Moving swiftly on before this
update gets bogged down in a mire of cute photos and admiring 'Ahhh's
. . .
Last update I mentioned that Koh
Chang is the only Thai island to have a marijuana strain named
after it. Turns out that the person who took the first
seeds from Koh Chang to the west is a regular reader of
this site and had also emailed me in the past - small world
isn't it? You'll find Mongoose's site
here
if you're interested in herbal gardening.
We just had a new toilet built.
As civil engineering projects go I didn't figure it'd be one of
the toughest assignments ever. However, we hadn't counted
on Somchai & Uncle Somchai our builders. We used them
because they did a good job fixing our wooden deck. Somchai was
the skilled one who basically did everything whilst Uncle
Somchai carried stuff, smoked and disappeared for hours on
end. So they were happy to have a few more days work
building a toilet.
Turned out that whilst they were
very good with wood, concrete and toilets left them a bit
mystified. The first inkling of this was when the concrete
was poured for the floor and Mam noticed something was amiss.
They'd forgot the pipes leading up through the floor for water,
drainage and waste. This was followed by it taking almost
2 days and several attempts to fit and successfully connect
water pipes to one sink and one toilet.
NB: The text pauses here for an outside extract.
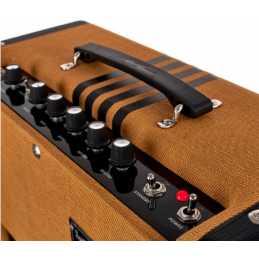 Il combo Delta King 12 cattura il tono dell'amplificatore Supro vintage che ha contribuito a scolpire il suono del primo Rock & Roll elettrico e dell'invasione britannica degli anni '60. Il suo finale valvolare in Classe A single-ended offre le stesse caratteristiche tonali grezze e una straordinaria sensibilità al tocco delle sue controparti della metà del secolo, il tutto fornendo 15 watt di potenza valvolare 6L6 attraverso il nostro altoparlante DK12 da 12 pollici personalizzato. Le caratteristiche includono guadagno front-end tramite un preamplificatore valvolare 12AX7, una funzione boost guidata da FET, modalità Pigtronix FAT high-gain, EQ a 3 bande, volume master e riverbero a molla analogico originale personalizzato.

But like all things, it
eventually got done and I know now that the main difference in
construction standards isn't in the materials used, it's simply
the number of attempts it takes to do something right. You want
Western standard, it'll take at least 3 attempts; Thai standard
takes 2 attempts; and certified Isaan quality means they balls it up
first time and you say "Sod it, that'll do."
On a different scale are
these villas at Soneva Kiri on Koh Kood. Yours for
US$6 million i.e around 200 million baht, and upwards for what
is basically a 4 bedroom, bamboo house with a tent for a
roof, a big garden, a big pool and a big fridge a.k.a
'Glass enclosed, temperature controlled, walk-in wine cellar.'
One place where you are
guaranteed to see monkeys (or macaques, depending on how
pedantic you are) is opposite the entrance to Bhumiyama Resort,
Lonely Beach. See them most afternoons on the power
lines and in the trees.

For anyone who thinks the west
coast of Koh Chang is overrun with tourists. I just found
these on my phone that I took late afternoon a couple of weeks
ago on Klong Prao beach. The view south & view north.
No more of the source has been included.